__Data to process__
****************************************

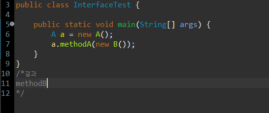 이제 클래스 A는 methodA(I i) { i.methodB() ; } 이렇게 B대신 인터페이스 I를 사용해서 작성할 수 있다.
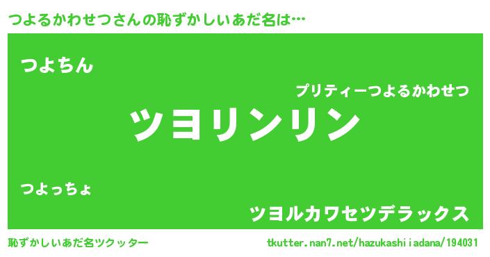 | 意味不明あだ名 | 『とにかく怪しいつよるかわせつ』 |
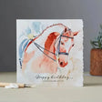 Featuring an original hand-painted watercolour design of a competition horse which is enhanced with a marble background with a unique die-cut edging. Designed to wish a Happy Birthday. Blank inside for your own message. Individually cello wrapped.
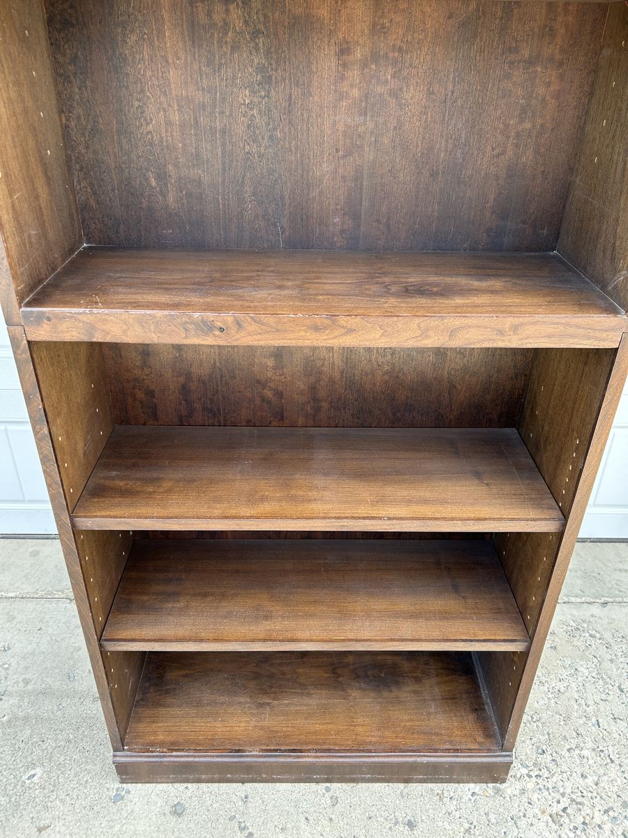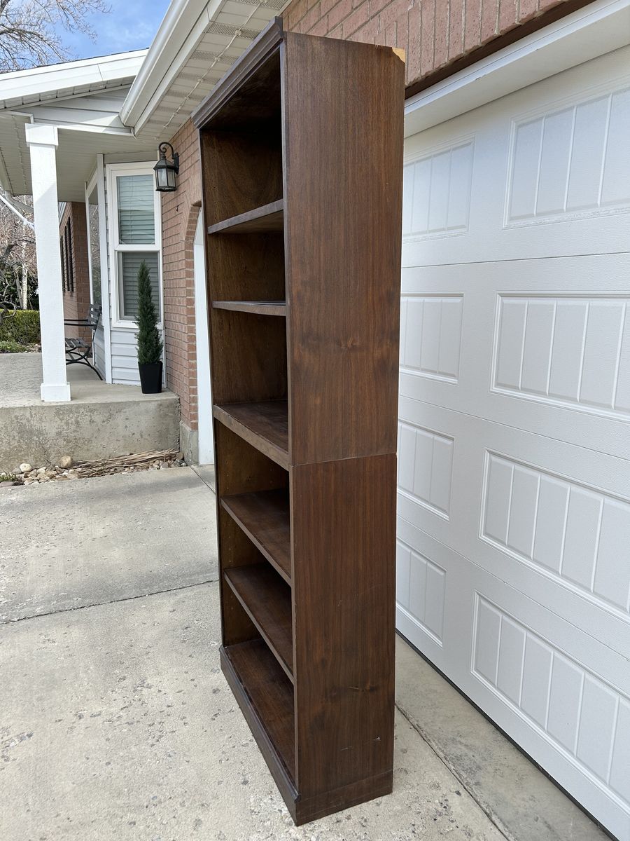 VenmoThis is a custom mahogany shelf. It was built at home so will last as long as you want it to. It has some normal wear from being 10 years old. It comes in two separate pieces to be able to move in and out of rooms easily. The shelves are adjustable. It is 12 inches deep, 7 feet high, 34 inches wide. Just looking for enough money to take my family out to dinner.
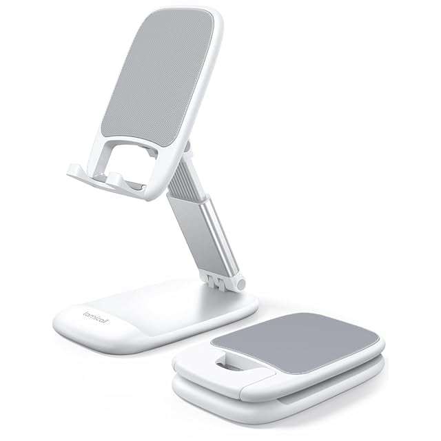 Lamicall 1個セット 折り畳み 高さ調整 スマホスタンド 伸縮 : 角度 折りたたみ 携帯 アイホン すまほ スマホ 立て 置き 台 卓上 机 つくえ デスク 縦 横 滑り止め コンパクト アイフォン スマフォ アンドロイド iPhone 16e 16 15 14 plus pro promax 13 mini プロ マックス se Huawei Xperia android に対応 白
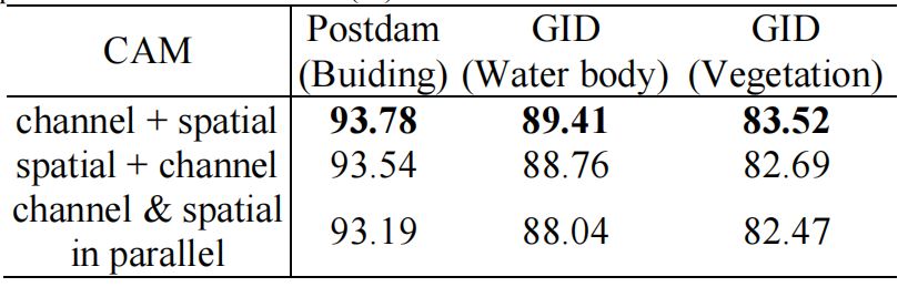 表 4:通道注意力与空间注意力子模块不同组合的平均交并比(mIoU)对比(单位:%)
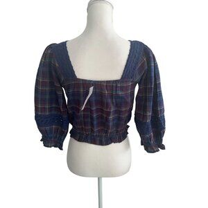 ABERCROMBIE & FITCH Navy Blue Plaid Peasant Top Size Small NEW NWT
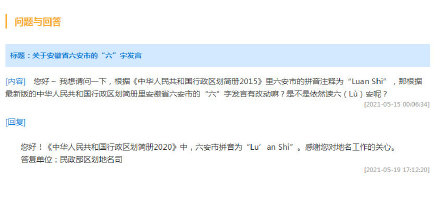 民政部回復網(wǎng)友安徽六安讀Lu
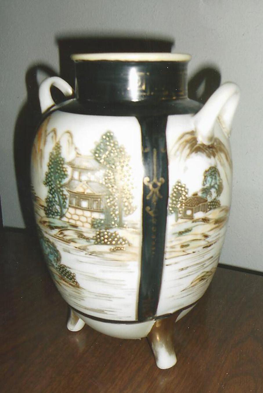 Q: I have enclosed a photo of a footed porcelain vase that I bought at an estate sale. It is approximately nine inches tall, has two handles and is decorated with Asian scenes of pagodas and trees. The trees are embellished with gold dots, and there is a gold band around the top. On the bottom is a wreath with the letter “M” in the center. Outside the wreath are the words “Hand Painted -- Nippon.”
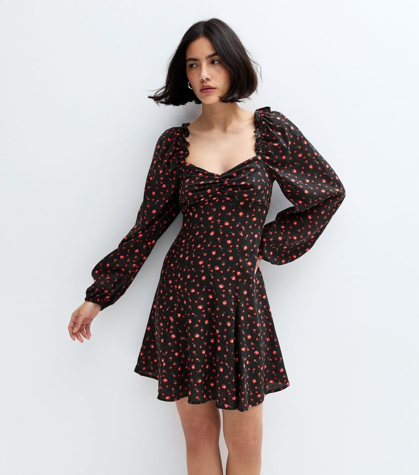 The New Look Black Floral Print Sweetheart Neck Mini Dress is ideal for lunch dates, city outings, casual.
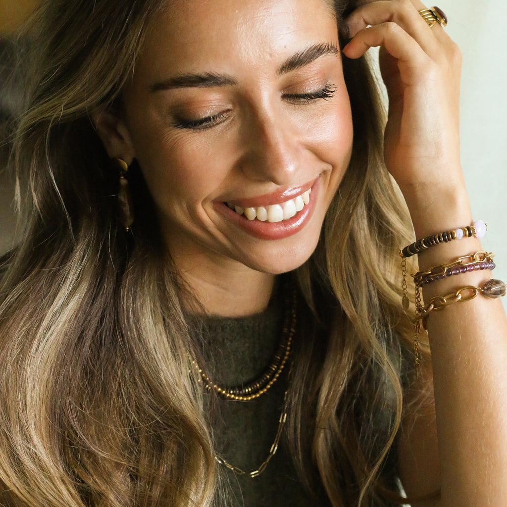 En Acier inoxydable et pierres naturelles, ce bracelet ne craint pas l'eau, la douche. Le bijou parfait pour vous suivre tous les jours sans inquiétude.
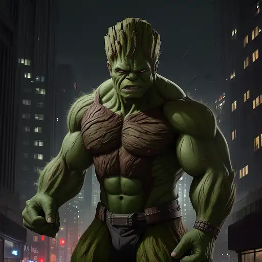 2 years ago hulk with full groot costume, reddish eyes, urban avenue, modernist buildings from the year 1900, two parked cars, night scene, intricate details, rich textures, wide shot, cinematic, dark lighting, high detail, hd, photo, digital art, fantasy, ((best quality)), ((masterpiece)), (high-resolution:1.2) b3cf0e64f69 0 37
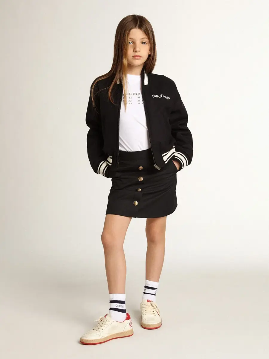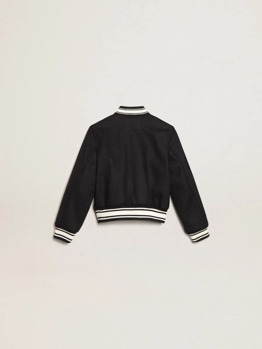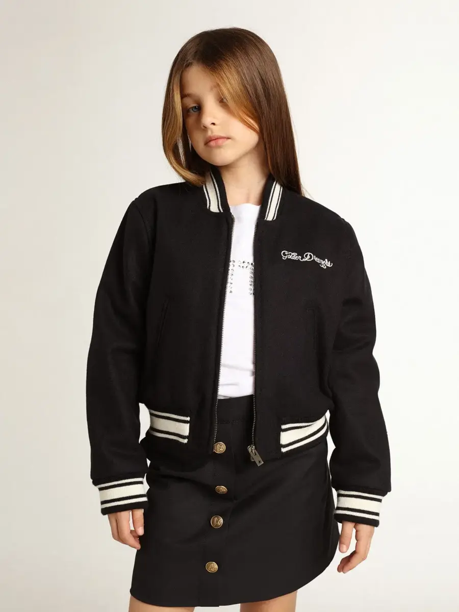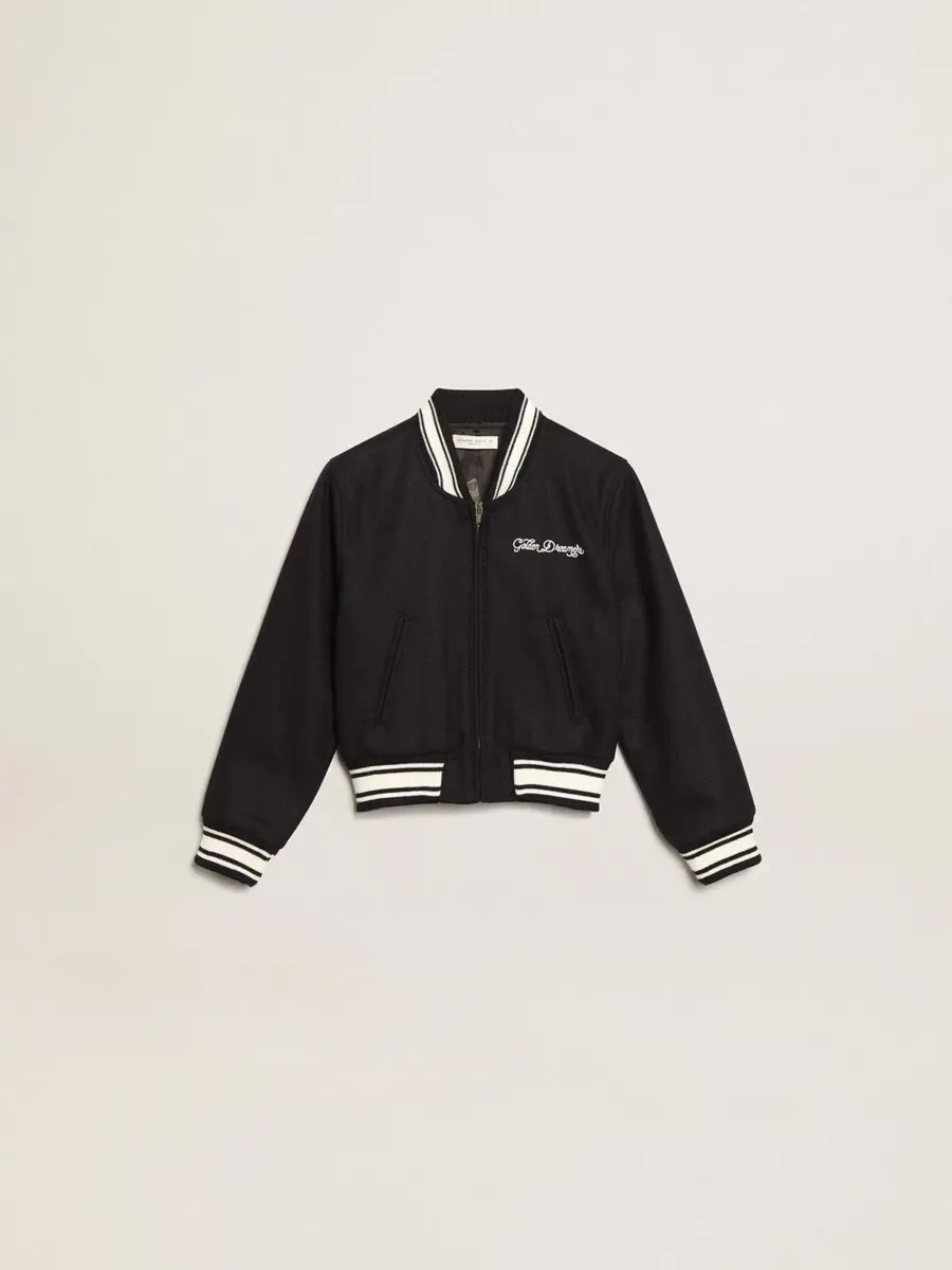 Una colección única y atemporal que encapsula el ADN de Golden Goose, diseñada para acompañarte cada día, en las buenas y en las malas, llueva o haga sol. Esta chaqueta bomber de corte clásico para niño, confeccionada en mezcla de lana azul oscuro, presenta ribetes blancos a contraste y las letras Golden en blanco en la parte delantera.
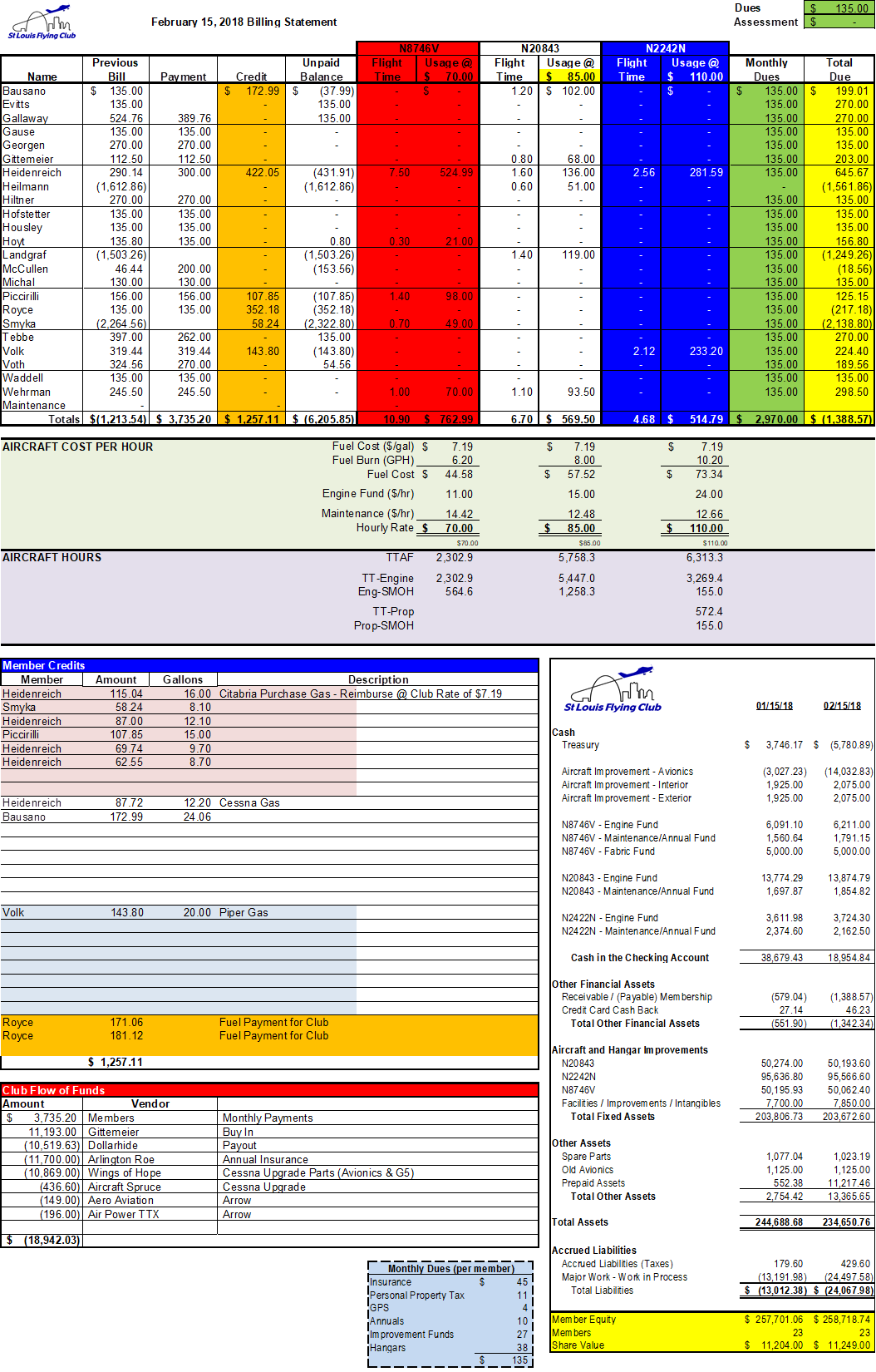 - Avionics Improvement – Similar to treasury, the avionics funds move even more negative in the month from the purchase for the Cessna. Monies will be replaced into the fund with 1) Sales of existing avionics, 2) an upcoming $150 assessment later in the spring, and 3) over time with our $300 per month addition.
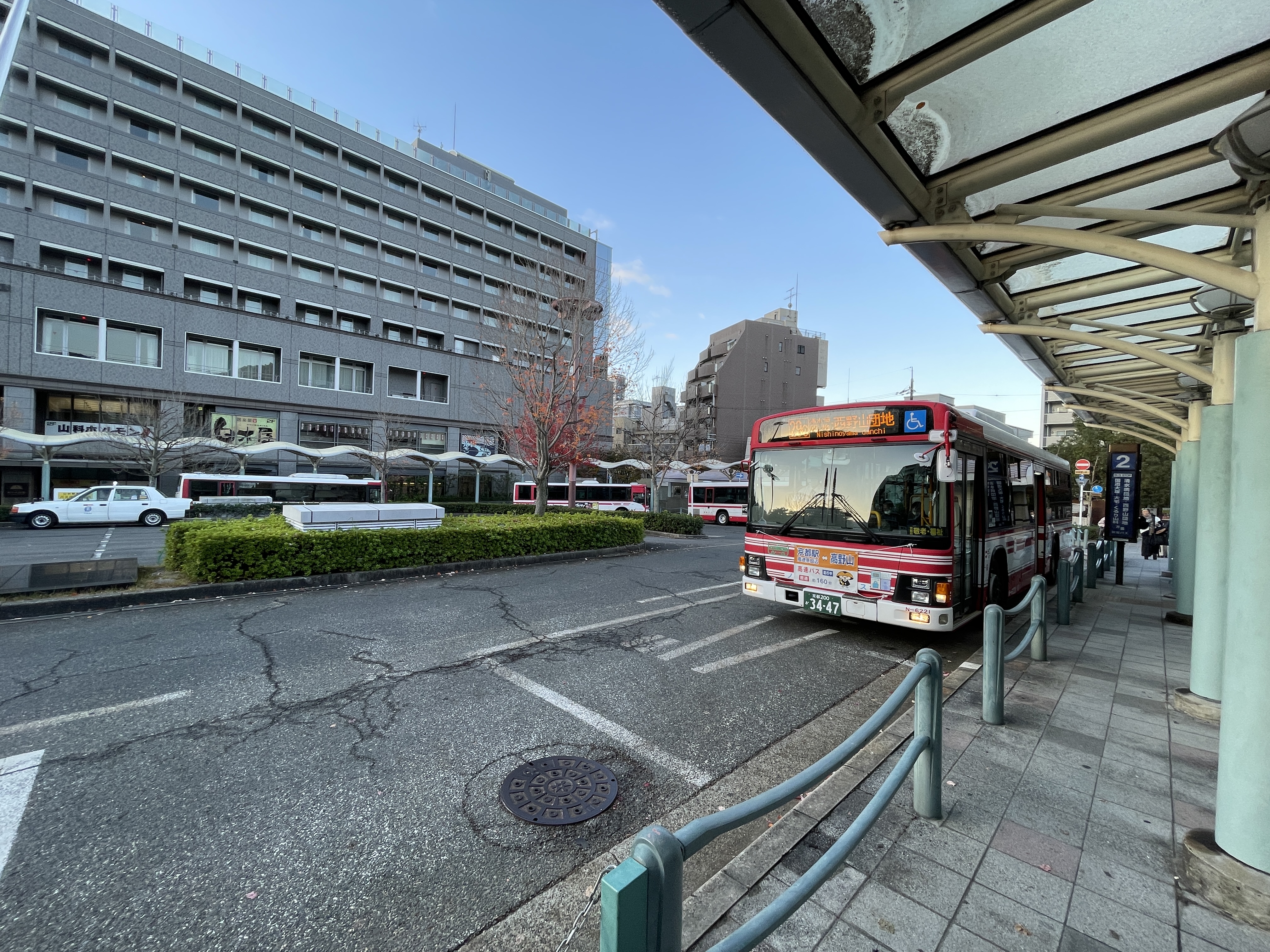 교토역이나 카와라마치역과는 다르게 교토시영버스가 보이지 않고 빨간 버스로 가득합니다.
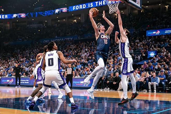 本場比賽中,雷霆的替補內線球員布蘭登-卡爾森(Branden Carlson)的表現(xiàn)給大家留下了深刻的印象。卡爾森全場出場21分37秒,投籃9中6,三分線外2中1,罰球2中2,得到了15分11籃板2助攻2搶斷的兩雙數(shù)據(jù),其中還包括了3個前場籃板,還有1次失誤和3次犯規(guī),正負值為+13。值得一提的是,15分是卡爾森本賽季的單場最高得分,11籃板更是他職業(yè)生涯的單場籃板數(shù)新高,本場比賽也是卡爾森本賽季至今的單場最佳之戰(zhàn)。
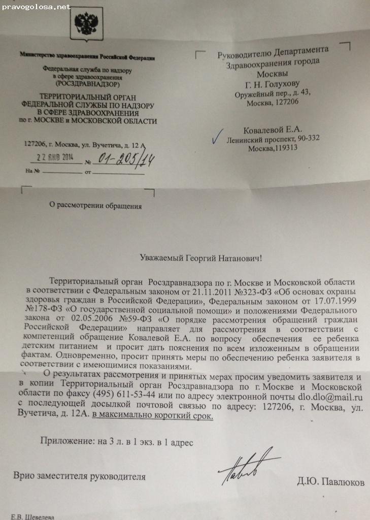 Прошу разъяснить чем руководствоваться и почему для Департамента здравоохранения г. Москвы, Дирекции по обеспечению деятельности государственных учреждений здравоохранения ЮЗАО, Росздравнадзора закон г. Москвы №60 от 23.11.2005 не является обязательным к исполнению документом, а приказы становятся превыше закона г.Москвы, почему организация поддерживает врачей (подведомственную организацию), а не интересы матери и ребенка, который на полмесяца был лишен положенного ему от Правительства Москвы питания. Почему получение положенной по закону натуральной помощи увязывают с медицинскими процедурами, осмотром, каким-то непонятным патронажем после года, которого не могло быть и не было, т.к. я все время находилась дома? Почему никого не привлекли к ответственности и даже не принесли извинения за данные действия?
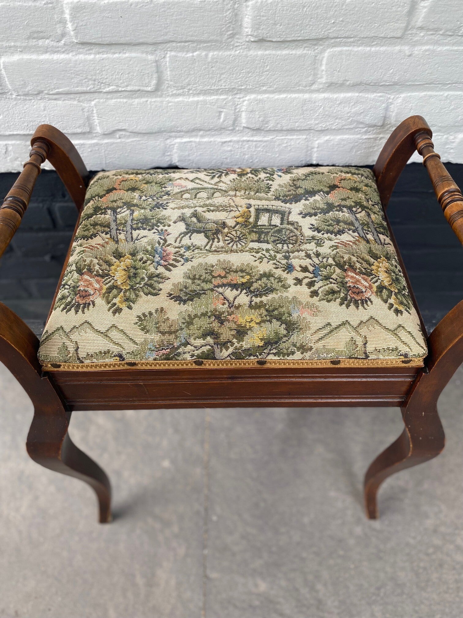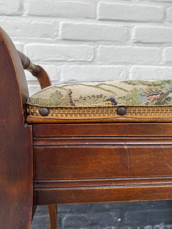 Originele 19e eeuwse tabouret. Helemaal in stijl met een jacquard stof en afgezet met nagels. Hoe handig is ook het opbergvak!

****************************************

__Exercise prompt__
All that should be returned is the run of lines from the start of the entries above to the line bearing "表 4:通道注意力与空间注意", each exact, with pictures omitted.

__Solution to the exercise__
 이제 클래스 A는 methodA(I i) { i.methodB() ; } 이렇게 B대신 인터페이스 I를 사용해서 작성할 수 있다.
 | 意味不明あだ名 | 『とにかく怪しいつよるかわせつ』 |
 Featuring an original hand-painted watercolour design of a competition horse which is enhanced with a marble background with a unique die-cut edging. Designed to wish a Happy Birthday. Blank inside for your own message. Individually cello wrapped.
 VenmoThis is a custom mahogany shelf. It was built at home so will last as long as you want it to. It has some normal wear from being 10 years old. It comes in two separate pieces to be able to move in and out of rooms easily. The shelves are adjustable. It is 12 inches deep, 7 feet high, 34 inches wide. Just looking for enough money to take my family out to dinner.
 Lamicall 1個セット 折り畳み 高さ調整 スマホスタンド 伸縮 : 角度 折りたたみ 携帯 アイホン すまほ スマホ 立て 置き 台 卓上 机 つくえ デスク 縦 横 滑り止め コンパクト アイフォン スマフォ アンドロイド iPhone 16e 16 15 14 plus pro promax 13 mini プロ マックス se Huawei Xperia android に対応 白
 表 4:通道注意力与空间注意力子模块不同组合的平均交并比(mIoU)对比(单位:%)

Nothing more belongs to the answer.